Using imagery to aid or improve performance
To begin with, the purpose of this blog is to set the stage for imagery, to explain what it is, why it might be useful, and how it can be used. From the outset, I should make it clear that imagery is not for everyone, for some people it will come easy and the benefits will be obvious. For others, using imagery will feel like a chore, and the benefits of it will be hard to notice or not immediately clear.
However, despite imagery not being for everyone. As a sport psychologist I would still encourage every client/athlete/performer to at very least try imagery. It is ultimately a skill that can be developed and improved. So even at first, if one struggles to grasp the concept of imagery and understand its benefits, over time they can still learn to use imagery more effectively. That said, given what’s been said, I will say that there is no guarantee that the content of this blog will change your mind about using imagery, but hopefully it will give you the tools that you will need to be able to use imagery confidently and reap the benefits.
So what exactly is imagery?
Essentially imagery is an attempt to create an experience that replicates ‘the real thing’. As close as possible anyways. Which is what separates imagery from visualisation. While visualisation might be thought of as an attempt to visualise (duh) a particular skill, sequence of actions, or performance, imagery, however, includes activating different sensory modalities, such as sounds, smells, touch, and everything else in-between like thoughts and feelings. Imagery, therefore, creates a clearer vision, sensation, or experience of the intended ‘image’. So, to begin with, if there is anything to take away from this blog, I want you to recognise that imagery is not purely visual, it’s actually more about activating all of those senses together in co-ordination.
Different types of imagery?
There are supposed different types of imagery, specifically, different purposes for imagery use. Proposed by Paivio (1985) there are five ‘types’ of imagery, each with a different goal…
Cognitive general: imaging a particular play, strategy or tactic
Cognitive specific: imagery that carefully examines a particular skill, more detailed
Motivation general-arousal: replicating and overcoming feelings of anxiety or nerves
Motivation general-mastery: imagery for resilience, confidence, and self-belief
Motivation specific: imagining reaching a goal, achieving a PB, being successful
Now which type of imagery you decide to use is entirely up to you. There isn’t necessarily a correct option, it’s really about deciding which type of imagery is going to be more beneficial for you, based on your own game. Some individuals will even like to use a combination, that is, using more than one type of imagery within one imagery script.
*For clarity, an imagery script is essentially the writing that encompasses the content of the imagery. It might be that you are reading the script, or you are listening to an audio recording of the script. The script works similarly to a guided meditation, or a yoga instructor (if you have ever tried these). In that the script describes to you and instructs you what to think about, and where to direct your attention.
How can imagery help you out?
There is a great deal of empirical research that goes to show the benefits of imagery, in a variety of different sporting contexts.

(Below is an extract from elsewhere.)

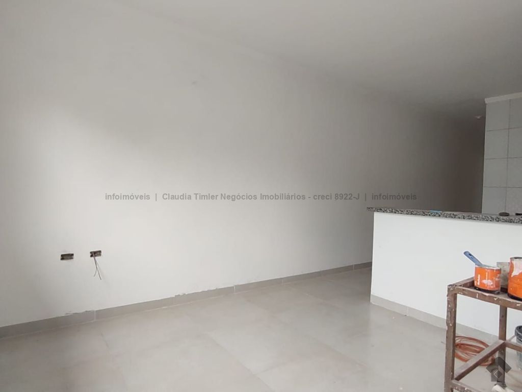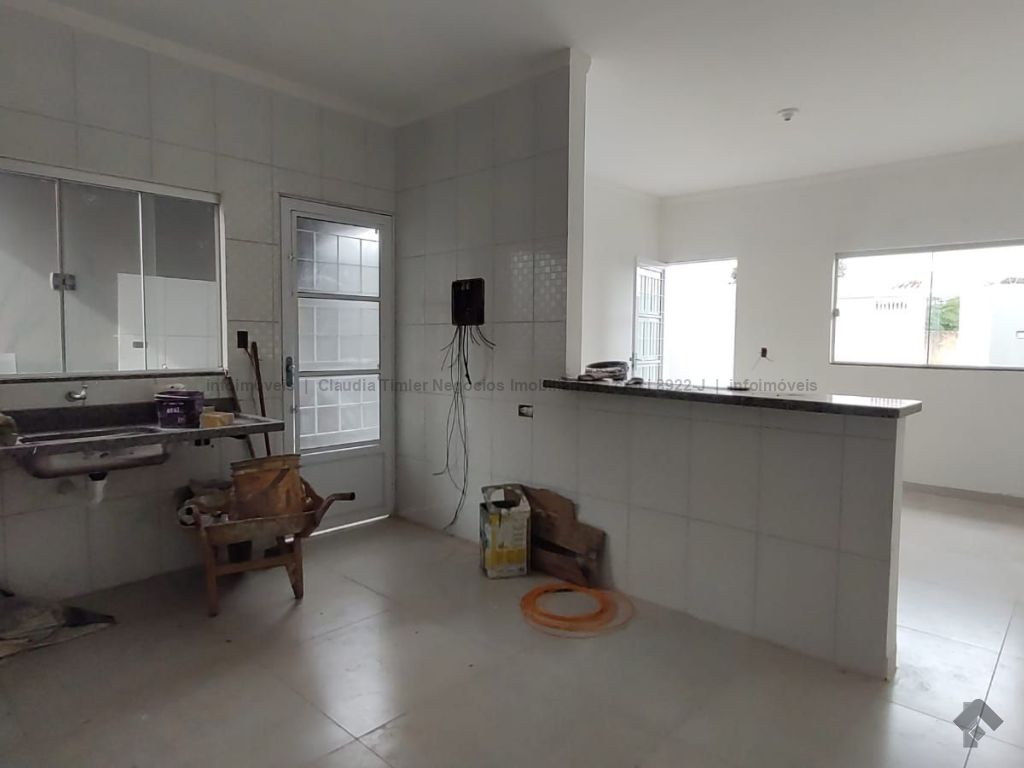 Sala com cozinha integrada. 1 suíte. 1 quarto. WC social. Area de serviço coberta. Espaço de terreno. Garagem para 2 carros. Rodapés embutidos. Nichos nos banheiros. Ótimo acabamento.

For example, the sporting environment naturally produces a stress response in competing athletes. Imagery can elicit a positive appraisal of that stress response, as compared to a negative appraisal (challenge vs threat). (Williams et al., 2010). It has also been shown that athletes who compete at higher levels of performance typically use imagery more often than those who compete at lower levels. But performers from all competitive levels use imagery (Barr & Hall, 1992, Cumming & Hall, 2002). Athletes that use imagery more often also report higher levels of self-efficacy, i.e. belief in their own capabilities (Mills et al., 2016) and imagery is an important source of sport confidence in athletes competing at national, regional, university, county, and recreation levels – In particular, motivational imagery use (Levy & Nicholls, 2015).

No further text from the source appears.